Uber Cuba 0106

UBERCUBA

Uber Cuba 0106

Orlando Luis Pardo Lazo

Noviembre 28, 2019

Manejando taxis Uber en el Día de Acción de Gracias, que en Cuba cae cada año alrededor del día en que los españoles fusilaron a ocho estudiantes de medicina. Total, que después de 1959, la Revolución comunista fusilaría (con aplausos internacionales) muchísimas veces esa cifra. De estudiantes y de no estudiantes. Pero eso es lo de menos ahora. Ahora lo de más es pisar el acelerador y atravesar en paz póstuma, sin que la tristeza nos reconcoma por dentro, otro Día de Acción de Gracias en los Estados Unidos de América.

Viva la Yuma entera agradecida. Un país que ha sido minado por su inmigración intelectual, por los extranjeros de élite que desembarcan aquí con la única intención de no hacer dinero ellos. Ni tampoco dejar que los americanos lo hagan. El capitalismo se cae por la academia fundamentalista foránea, tan bien arraigada en el hemisferio occidental. Sobre todo, desde la hégira dialéctico-materialista de la Segunda Guerra Mundial.

No les voy a contar lo que me pasó este jueves 28 de noviembre de 2019. Voy a contar solamente lo que pensé, mientras soltaba a un pasajero y recogía al próximo.

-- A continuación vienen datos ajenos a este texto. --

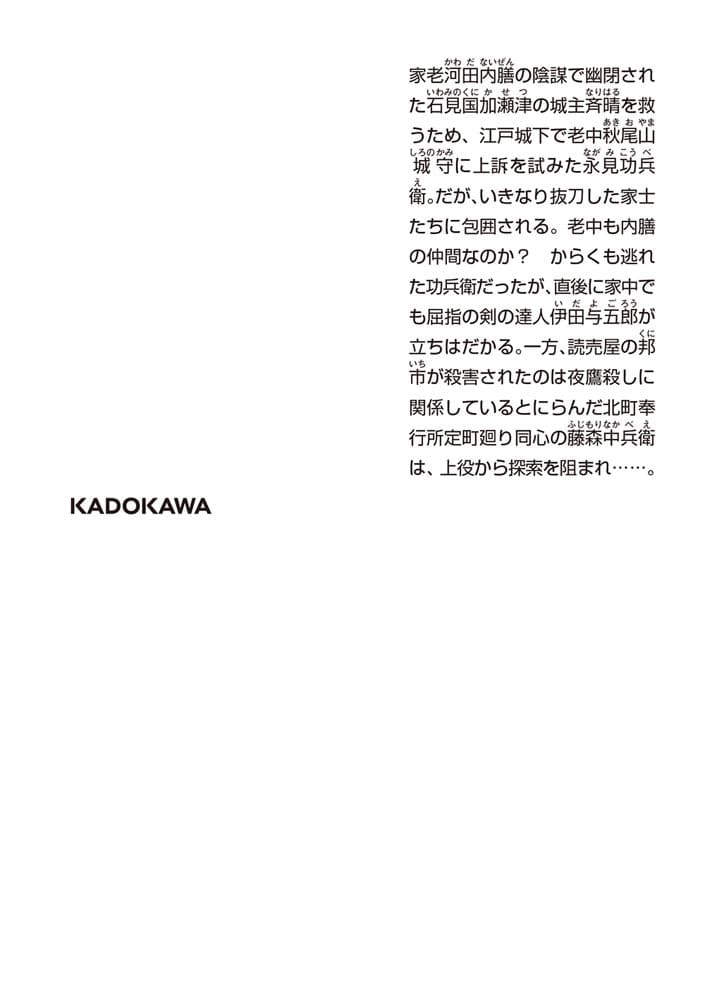 家老河田内膳の陰謀で幽閉された石見国加瀬津藩の城主斉晴を救うため、江戸城下で老中秋尾山城守に上訴を試みた永見功兵衛。だが、いきなり抜刀した家士たちに取り囲まれる。老中も陰謀に加担しているのか? からくも逃れた功兵衛だったが、直後に藩でも屈指の剣の達人伊田与五郎が立ちはだかる。一方、読売の邦市が殺害されたのは夜鷹殺しの裏にあると睨んだ北町奉行定廻り同心の藤森中兵衛は、上役から探索を阻まれ……。

Sentí una gratitud paquiderma, unas ganas plantígradas de arrodillarme y ponerme a rezar por estos seis años de soledad norteamericana, desde el martes 5 de marzo de 2013 (cuando salí de Cuba para nunca jamás regresar) hasta el santo Thanksgiving de hoy.

Pensé en cuánta gente querida he dejado olvidada atrás, y en cuántos he dejado languidecer a mi lado. Un genocidio emocional, un holocausto del corazón hecho cuadritos de esperma y patria. Poema de glándulas en clave de la grosería que ha significado ponernos viejos como generación. Obsoletos.

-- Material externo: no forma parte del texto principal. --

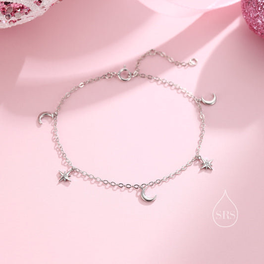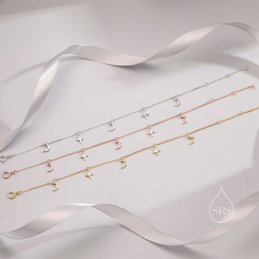 Sterling Silver Moon and Star Bracelet, Silver or Gold or Rose gold, Moon and Star Charm Bracelet, Celestial Jewellery

Pensé en los paisajes perdidos para siempre en Cuba, incluidas esquinas sin ninguna importancia y paradas imponderables de guaguas, postes de la luz analógicos y fachadas no a la intemperie sino casi de puertas adentro, de tan familiares para el Orlando Luis Pardo Lazo de La Habana. También, parques y alcantarillas chorreándose de madrugada, con un aguamaría purísima de bautismo albañal. Chimeneas, ríos pastranos, escalinatas, céspedes. Todo un vocabulario bucólico y vil. Belleza del siglo veinte, cuando el siglo veinte no tenía para cuando acabar. Después fue el acabose.

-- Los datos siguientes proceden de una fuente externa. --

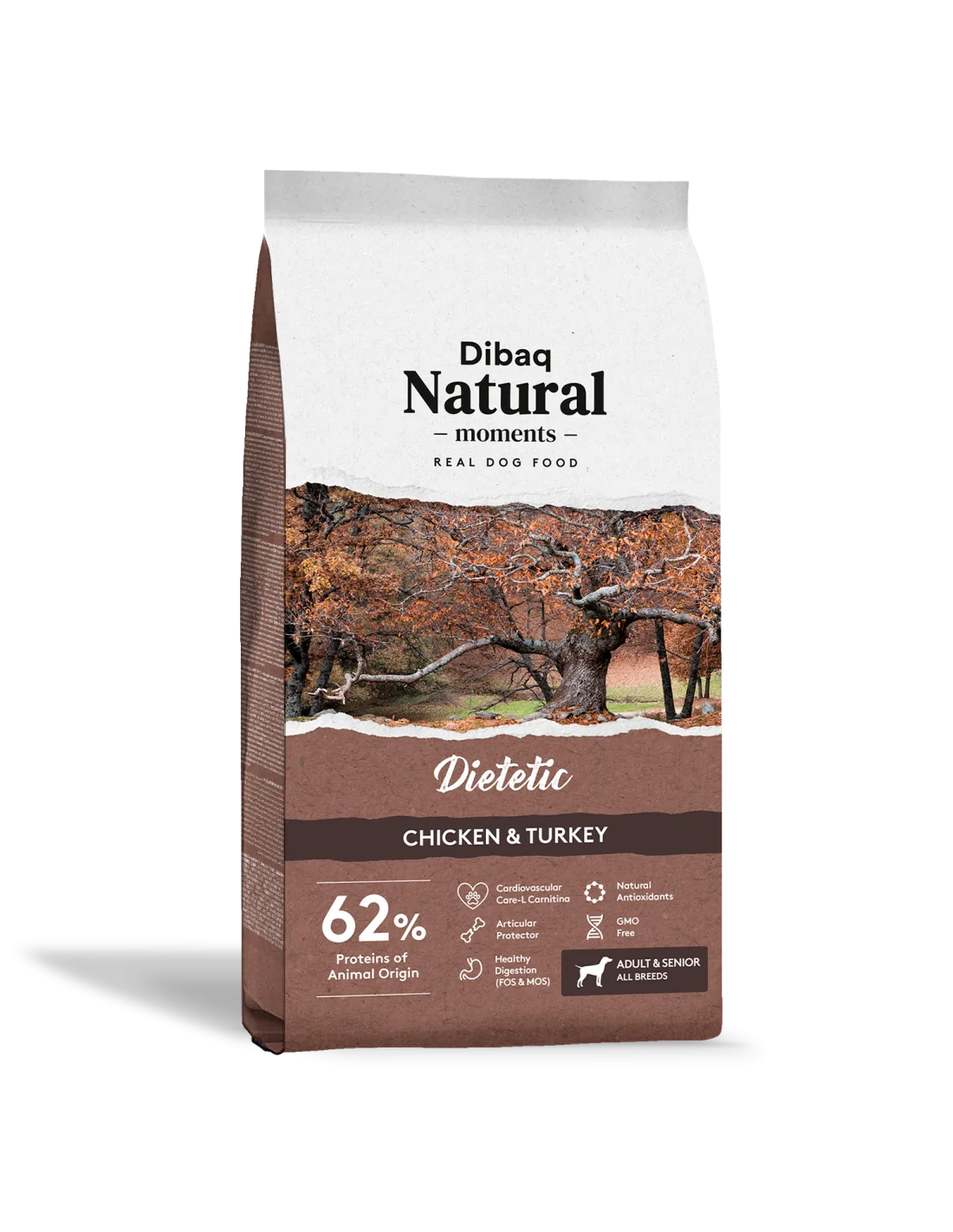 Alimento natural completo para cães adultos com excesso de peso ou cães sénior . É elaborado com Frango e Peru, protetores de articulações, plantas naturais, extrato de mandioca para neutralizar odores, prebióticos e antioxidantes naturais.

Pensé en la escritura. En especial, en lo excepcional de mi propia escritura. Ese milagro que no nos merecíamos como nación y que, sin embargo, helo aquí, encarnado en fonías a un tiempo fulminantes y fósiles. Imitación de imitaciones, inercia magistral. Y nostalgia por el fascismo cubano. En tanto autor, me niego a vivir en un país que no sea fascista. Lo que equivale a decir que ya estoy puesto en remojo, listo para demolición. Nadie me lea, nadie me deslía. Mi opus magnus literario fue apenas un ruidito, un eco, una sinfonía amateur, un retintín desafinado a propósito como el coño de su madre. Y pensé en que son ya 19 años de siglo veintiuno quisquillosamente tecleados, todos y cada uno sin la menor trascendencia. Es ciertamente un alivio la condición congénita de no ser recordado. Es el único olvido contra el horror.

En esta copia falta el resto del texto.